Topics: binary search

Intuition
I never cease to be amazed with the use cases of binary search. This problem is a masterpiece…the insight is so simple yet so subtle and difficult to come up with.

The naive approach of course is to full up a list with indices appearing w[i] number of times, then do randint on that list. The problem is that sum(w) can be extremely large (10^20 in the case of this problem). Obviously we don’t want to hold a list of length sum(w) in memory…so what do we do?

There is actually a way to simulate that hypothetical array with another array of length len(w)! How?

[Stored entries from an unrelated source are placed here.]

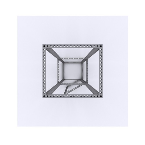 Modco Modular Display 7 Tower is a three-dimensional pre-designed 16' tower. Stylish and lively, this booth is built using tool-free perforated modular aluminum frames. Multiple size frames connect using toolless pin connectors. The tower features a door and lockset that opens a storage room. Perforations are completely covered for a flawless finish.
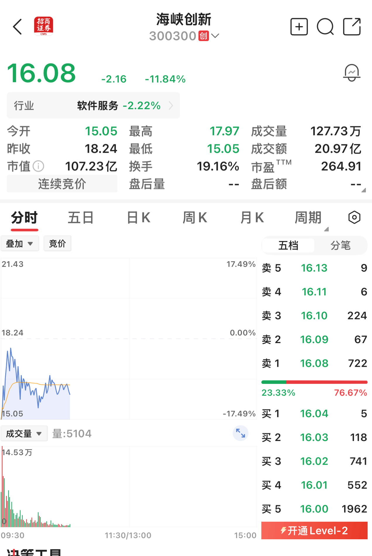 11月17日,海峡创新股价大涨20%,最新市值为122亿元。
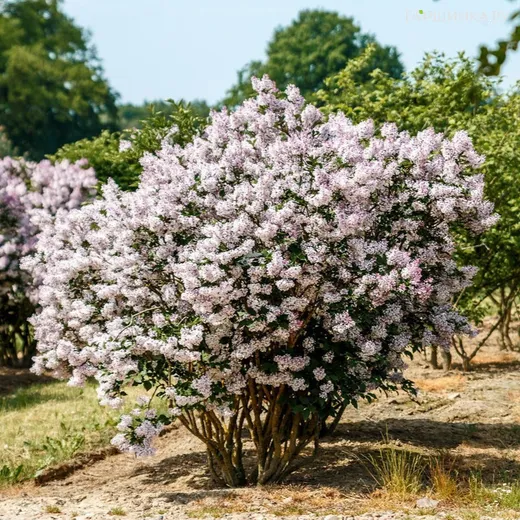 Сирень Мисс Ким - листопадный, декоративный, полураскидистой формы. Куст прямостоячий, побели сильные, форма округлая,1.5м. Лист темно-зеленый, сердцевидный, осенью - желтые. Цветок в форме розочки розово-фиолетово-пурпурный, махровый. Соцветие метелка крупная, широкопирамидальная, обладает легким ароматом.
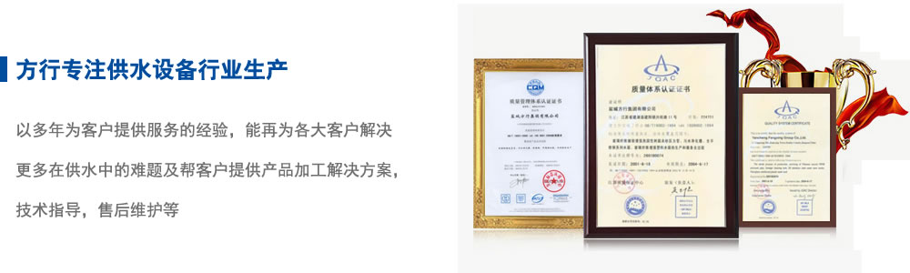 鹽城方行集團有限公司創建于一九七七年,四十多年來,在各級領導、國家行業協會和大專院校的大力支持幫助下,現已發展成為一家集研發、設計、生產、銷售、安裝、服務于一體的給排水設備企業。產品優良,注重品牌。本公司先后榮獲“明星企業”、“中國鄉鎮明星企業”、“中國馳名品牌”等榮譽稱號。“方行”牌玻璃鋼夾砂管道、水箱被江蘇省建設廳指定為推廣產品;污水處理設備被專家評定為國家級新產品;方行牌玻璃鋼夾砂管道、玻璃鋼貯罐、一體化預制泵站、生活、消防箱泵一體化、污水處理設備、玻璃鋼水箱、不銹鋼水箱等產品先后被評為鹽城市名牌產品,江蘇省優質產品,江蘇省名牌產品。公司技術和售后服務日臻完善。在同行中享有很高的知名度、美譽度。以信為本,廣拓業務。本公司始終恪守“持之以恒、誠信為本”的經營宗旨,持續發揚自強不息,順勢而上,趨利避弊,不斷推動產品發展,為我國的給排水工業,為我們的民族工業品牌的發展而做出自己的貢獻。堅持革新,與時俱進。公司一貫跟隨社會的發展堅持不斷革新、嚴謹規劃、精益求精的質量方針。公司著重于環保新技術及給排水設備的創新研發,已擁有多項國家專利技術。 |
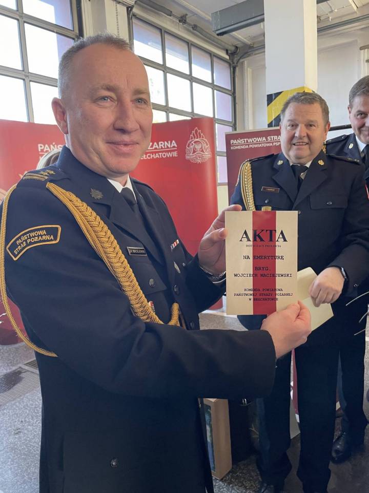 Po 27 latach służby mundur odwiesił na honorowe miejsce. W czwartek w siedzibie Komenda Powiatowa Państwowej Straży Pożarnej w Bełchatowie odbyła się uroczysta zbiórka z okazji przejścia na emeryturę bryg. mgr. inż. Wojciecha Maciejewskiego - strażaka, oficera, przełożonego i człowieka, który przez blisko trzy dekady współtworzył historię bełchatowskiej komendy.
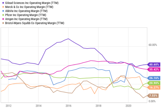 One of the reasons for why I’m bullish around GILD is that the enterprise remains a cash cow, as supported by its high margins. Over the past decade, GILD’s operating margin has stayed above the 40% mark for virtually the entire time. This speaks to the mission-critical nature of its treatments and the pricing power that GILD has held over this time period. As seen below, GILD’s op margin sits above that of its U.S. peers Merck (MRK), AbbVie (ABBV), Pfizer (PFE), Amgen (AMGN), and Bristol-Myers Squibb (BMY).
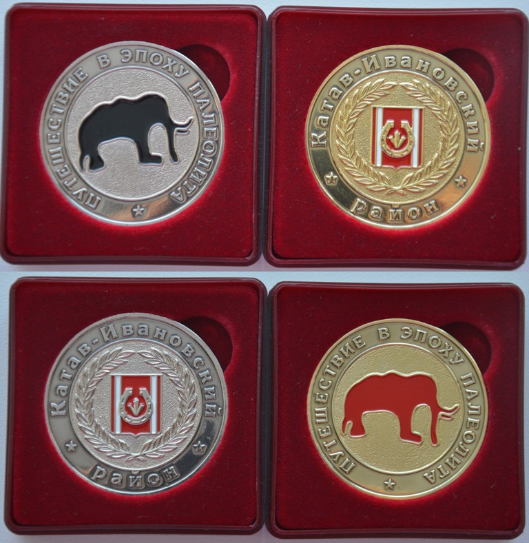 Золотые и серебряные монеты уже изготовлены. На лицевой стороне, в центре, изображен рельефный герб Катав-Ивановского района, символизирующий промышленность района и две реки - Юрюзань и Катав, закованных заводскими плотинами. Окантовывает герб две пальмовые ветви. По окружности расположена выпуклая надпись - Катав-Ивановский район. На другой стороне размещен туристический символ Катав-Ивановского района – «Мамонтёнок», стилизованный рисунок мамонта, скопированный с наскального рисунка древнего человека из Игнатьевской пещеры. По окружности надпись - путешествие в эпоху палеолита.
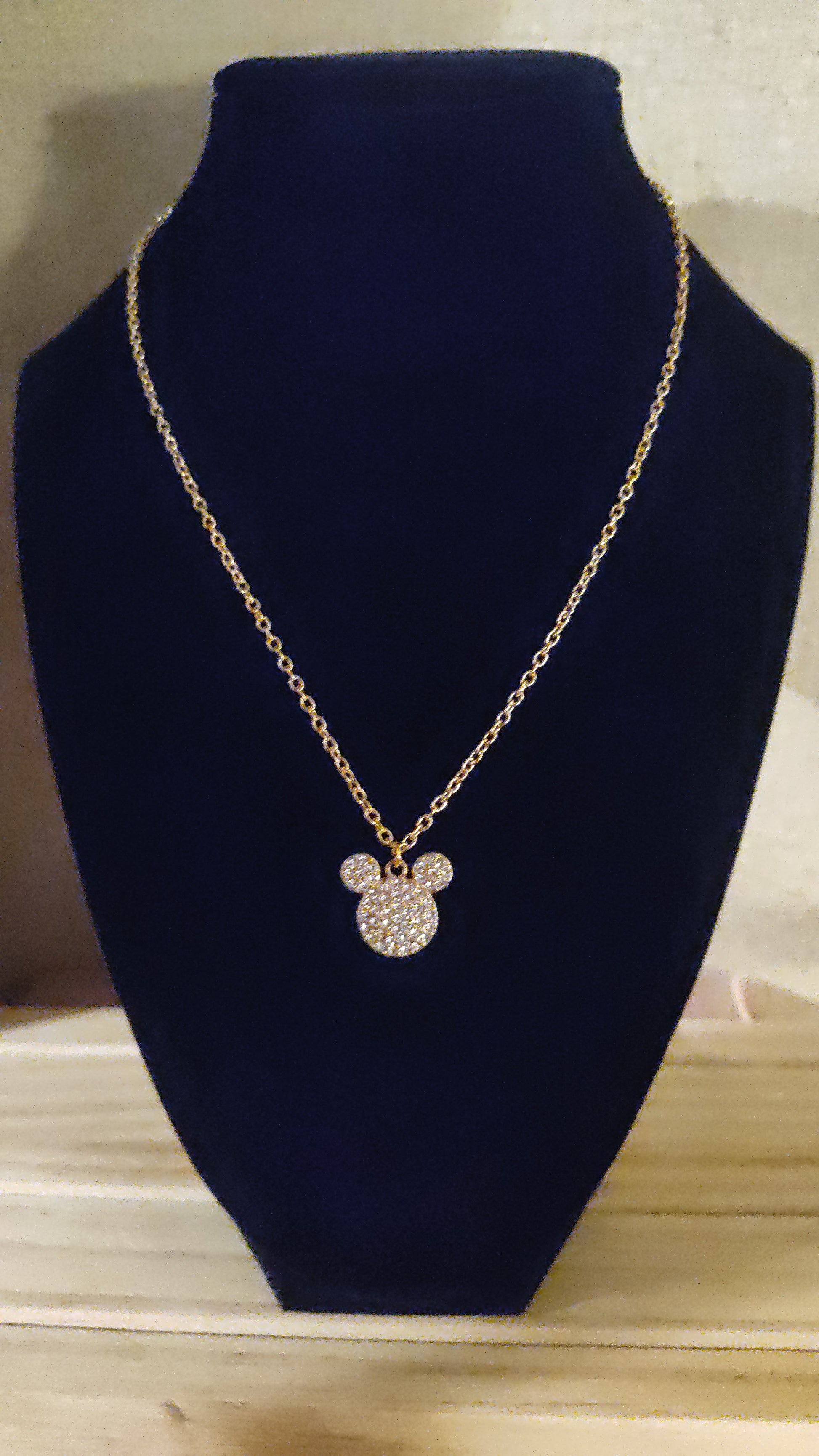 Beautiful gold Mickey Mouse necklace with rhinestones.
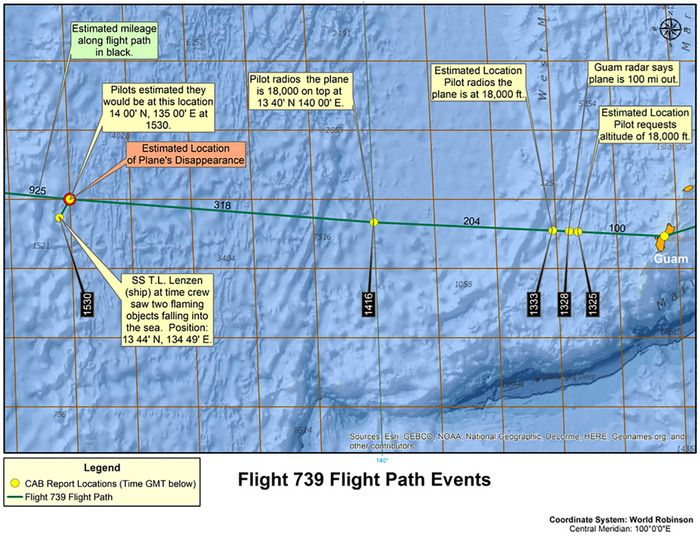 13:25 GMT, phi hành đoàn trên chuyến bay 739 liên lạc với trạm dịch vụ bay quốc tế tại Guam (Guam IFSS), yêu cầu leo lên độ cao 18000 ft từ 10000 ft. Guam IFSS đã chấp thuận yêu cầu này mặc dù không rõ lý do là gì khiến phi công yêu cầu thay đổi độ cao hành trình. Vào 13:28 GMT, phi công thông báo đã vượt mốc 11000 ft và tiếp tục leo, trạm Guam cũng thông báo với phi công rằng ở cự ly 160 km về phía tây của Guam, radar sẽ không còn phát hiện được máy bay. Đến 13:33 GMT, phi hành đoàn báo cáo với trạm Guam rằng họ sắp vượt ra khỏi ranh giới 160 km ra khỏi đảo Guam và đang bay ở độ cao 18000 ft.
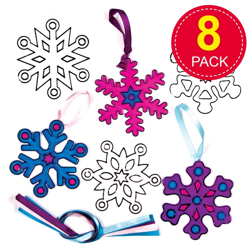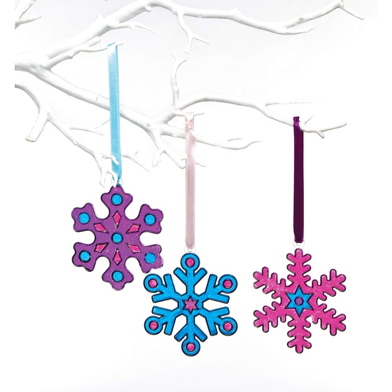 - Hanging Suncatchers: Kids will love decorating their own snowflake suncatcher. Includes ribbon for hanging and embellishment.
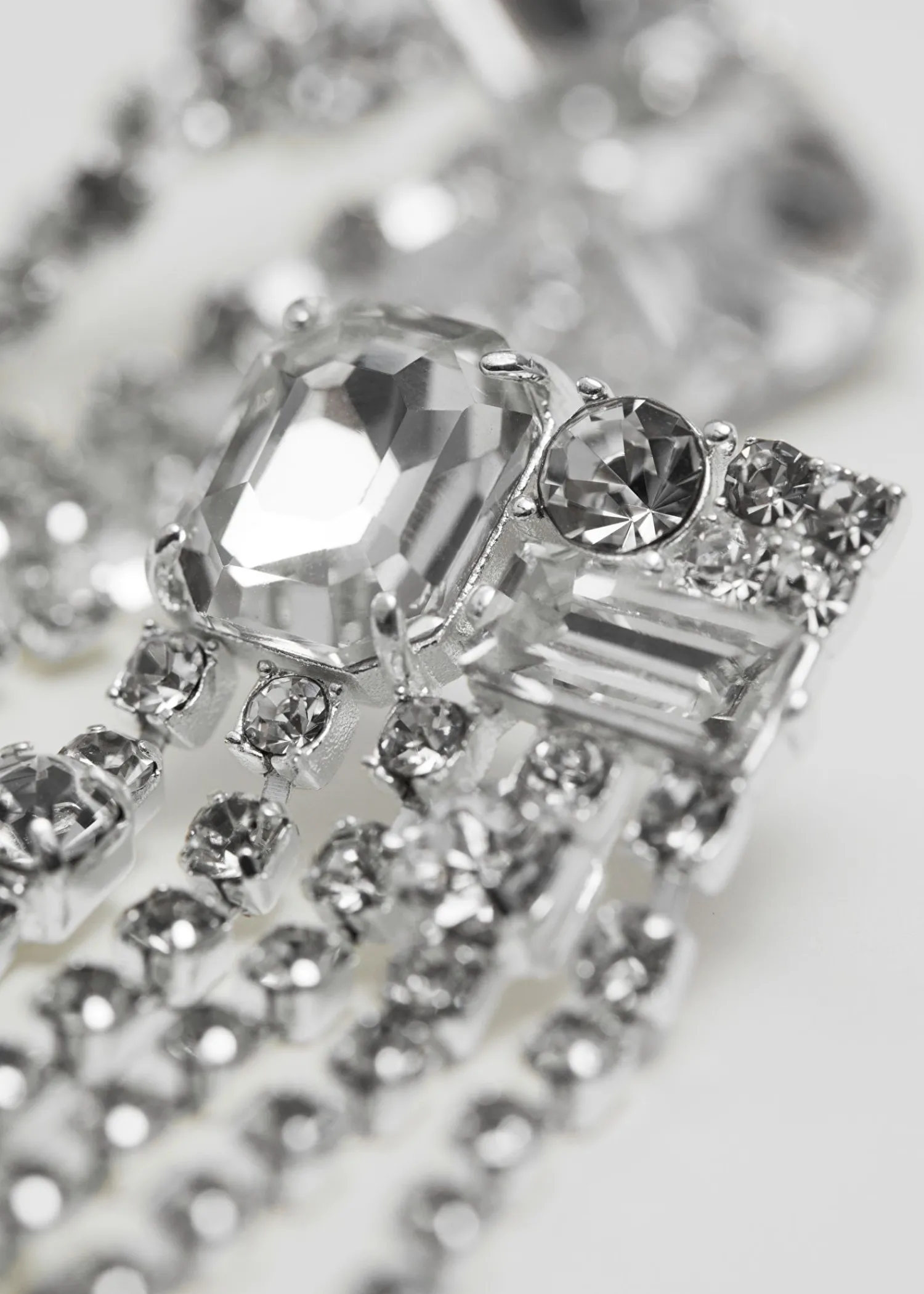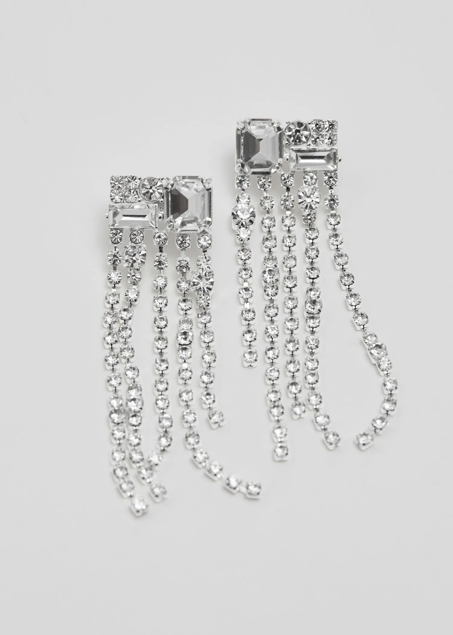 Blændende Sølvfarvede Øreringe Med Rækker Af Fine Krystaller, Der Danner En Asymmetrisk Dråbe For Dramatisk Effekt. Længde: 7,5 Cm / 3″ Nikkeltestet
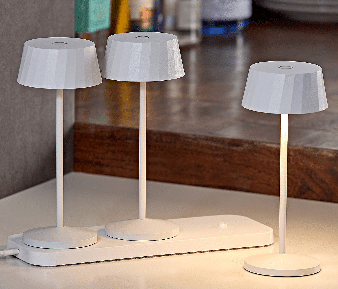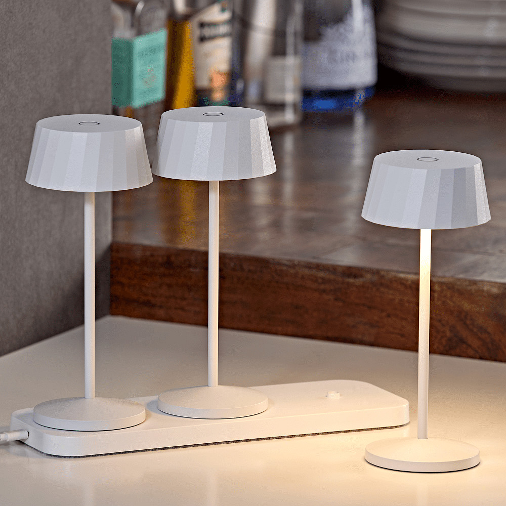The LED rechargeable table lamp FACETTA from SIGOR is offered as a practical set of 3 and impresses with its modern snow-white appearance. With a compact size of 22.2 cm in height and a lampshade diameter of 9.2 cm, it is ideal for a wide range of applications. Weighing only 0.48 kg, the lamp is also particularly handy. Each lamp features a single light source and is equipped with an integrated touch dimmer that allows easy and stepless adjustment of the brightness.
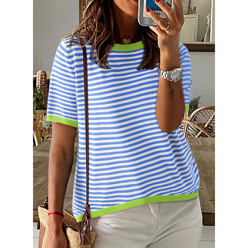 Women's Striped Color Block Sweater – Short Sleeve Crewneck Pullover

Consider the following weights:

[1, 1, 5] 

We can see that most of the probablity density is at index 2. 

Our hypothetical array is as follows:

[0, 1, 2, 2, 2, 2, 2]

What if we took a running sum of [1, 1, 5]? We get:

[1, 2, 7]

How does this help...well for one it's sorted so we can search...

But search for what?

We know the maximum index in the hypothetical array is sum(w), so what if we searched for a random float between 0 and sum(w)!

Lets think about the above approach: take the running sum and then search for a random float between 0 and sum(w):

original = [1, 1, 5]
running_sum = [1, 2, 7]
target = 0-7 #random float

Each float between 0 and 7 is equally likely to be selected. Lets look at the ranges and see where the binary search lands (bisect_left):

target |  running_sum, i
------------------------
0-1    |  1, 0
1-2    |  2, 1
2-7    |  7, 2

Take a look at range of numbers that will match each index! Index 2 gets captured by much wider range of numbers than the two others! And this is exactly what one would expect for the original probability density. 

Essentially, when a random target between 2 (exclusive) and 7 (inclusive) is chosen, the leftmost binary search will map that target to index 2. 

For indices 0 and 1, only numbers within the range 0-1 and 1-2 respectively will map onto the respective indices. 

Implementation

 
def __init__(self, w: List[int]):
	self.sums = w
	for i in range(1, len(self.sums)):
		self.sums[i] += self.sums[i-1]
 
def pickIndex(self) -> int:
	target = random.random()*self.sums[-1]
	l = 0
	r = len(self.sums)
	while l < r:
		mid = (l + r) // 2
		if self.sums[mid] < target:
			l = mid + 1
		else:
			r = mid
	return l
 
#time: o(logn)
#memory: o(1)

review
hard